Had the car piano finish? Its so glossy.


----------



## mmukalian (Aug 8, 2006)

Great interior...but those wheels...ugh! The 20" and that type of wheel makes me think "spinners". Now, I wonder what it'd look like with some nice HRE 5-spokes...hmmmm
Great pics d-girl


----------



## dieselgirl (Oct 27, 2005)

*Re: (northvw)*


_Quote, originally posted by *northvw* »_Nice shots. Efforts like yours make this forum a great place to visit. By the way, those huge wheels (20 inch?) do look nice despite my previous misgivings about 18 inch wheels being too big for the car aesthetically.









Thanks! Someone in the PNW forum saw it when he stepped outside for a break. I thought it was a perfect excuse to take our cabrio for a little drive since it was so nice yesterday.







And figured y'all might like some picutures taken by a regular person. 
Yeah those are 20" wheels, totally huge, I am not a huge fan of the design on them and think maybe a different style wheel in 20" would look better. However if it was my car I would totally roll on 18" and of course lowering it also, probably to what my Jetta sits at. I just think anything smaller will be too small. 
The interior was amazing, the stitching on that steering wheel really was impressive. I loved the seats also, we may have to copy something like this for our cabrio when we redo the interior in it.


----------



## northvw (Jul 14, 2006)

*Re: (dieselgirl)*

Do you have a link for the PNW forum? Is it a subset of The Car Lounge Forums? Again thanks for the time and effort to post those photos.


----------



## dieselgirl (Oct 27, 2005)

*Re: (northvw)*


_Quote, originally posted by *northvw* »_Do you have a link for the PNW forum? Is it a subset of The Car Lounge Forums? Again thanks for the time and effort to post those photos.

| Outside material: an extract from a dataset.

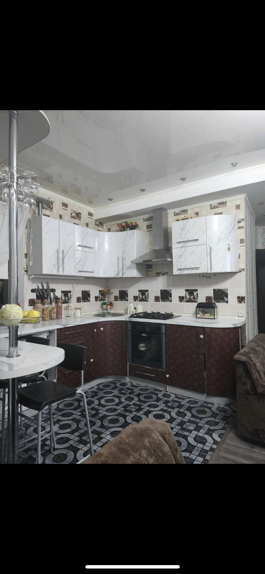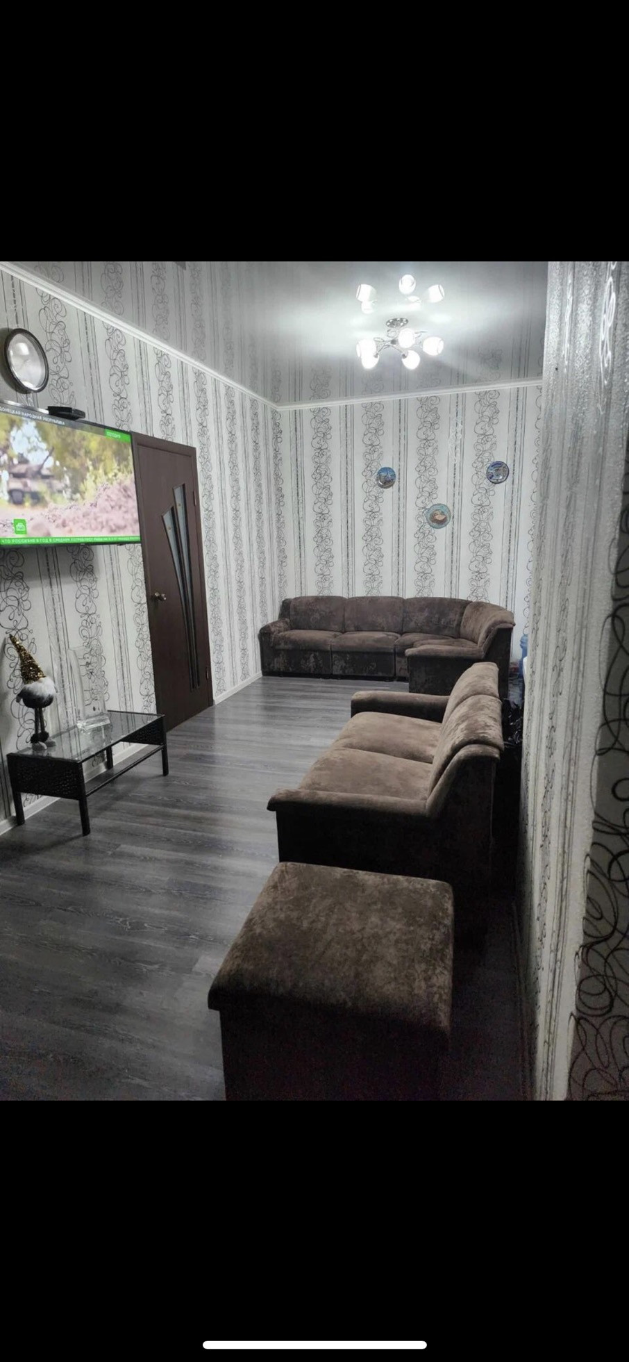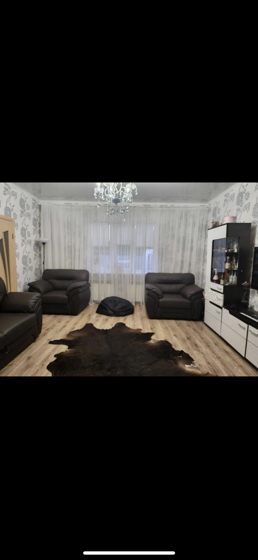 100м.кв, кухня-студия, 3 комнаты, есть веранда.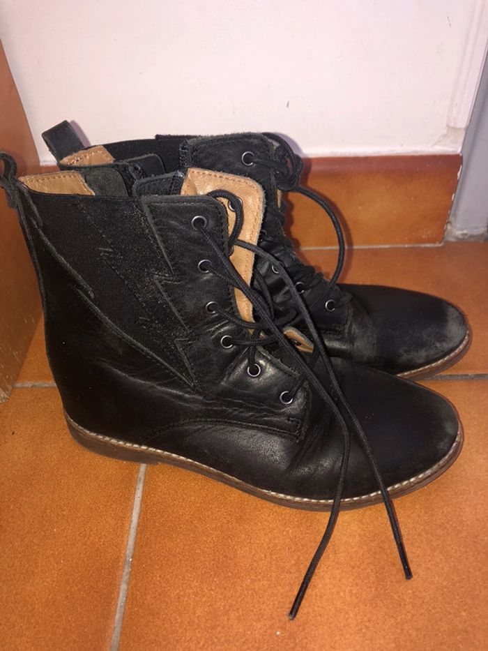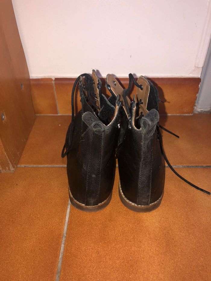 Bottines noires « Verbaudet » entre le bon état général et le très bon état. Présente sur le devant des traces d’usure qui donnent un aspect patiné au cuir. Cuir de très bonne qualité. Taille 33 Valeur : 54,90 Peut se porter avec jupe, robe, jean, short etc. Donnez une seconde vie à ces bottines. Fermeture zip sur le côté et lacet sur le devant donc idéal si vous avez une fillette qui a un peu de mal à mettre ses chaussures comme la mienne. Si vous souhaitez plus de photos ou d’infos, n’hésitez pas à me demander. #maelea1chaussuresfille

Here is the link, its a subset of vwvortex.com in the regional forums. We are a mildly amusing bunch


----------



## bio_nic (Feb 6, 2006)

*Re: Saw the EOS Highway 1 in person today.... (dieselgirl)*

Gayle, if the Eos was available in this country with a turbo diesel engine you and I would quit our jobs and just drive this beauty around .... movie star style ... with big sun glasses and our hair tied back in sexy scarves waving in the breeze. Ok, we'd stop once in a while for a glass of wine and some chocolate.


----------



## WolfsburgerMitFries (Jul 4, 2005)

*Re: Saw the EOS Highway 1 in person today.... (bio_nic)*


----------



## TergiBoy (Oct 16, 2006)

*Re: Saw the EOS Highway 1 in person today.... (dieselgirl)*

Very nice pics







I don't see that it has the DSG, can you confirm. This lo0k more like the Passat Trip like in my wife's Passat.
Thanks


----------



## DCubed (Oct 25, 2004)

*Re: Saw the EOS Highway 1 in person today.... (TergiBoy)*


_Quote, originally posted by *TergiBoy* »_Very nice pics







I don't see that it has the DSG, can you confirm. This lo0k more like the Passat Trip like in my wife's Passat.
Thanks 


3.2 and 2.0 EOS for the US all have DSG or 6 speed manual (2.0t only.)


----------



## TergiBoy (Oct 16, 2006)

*Re: Saw the EOS Highway 1 in person today.... (DCubed)*

So that's a non-US spec car, since we don,t see the DSG specific shifter and paddles on the steering....


----------



## TURBO PAUL (Mar 20, 2002)

*Re: Saw the EOS Highway 1 in person today.... (TergiBoy)*


_Quote, originally posted by *TergiBoy* »_So that's a non-US spec car, since we don,t see the DSG specific shifter and paddles on the steering....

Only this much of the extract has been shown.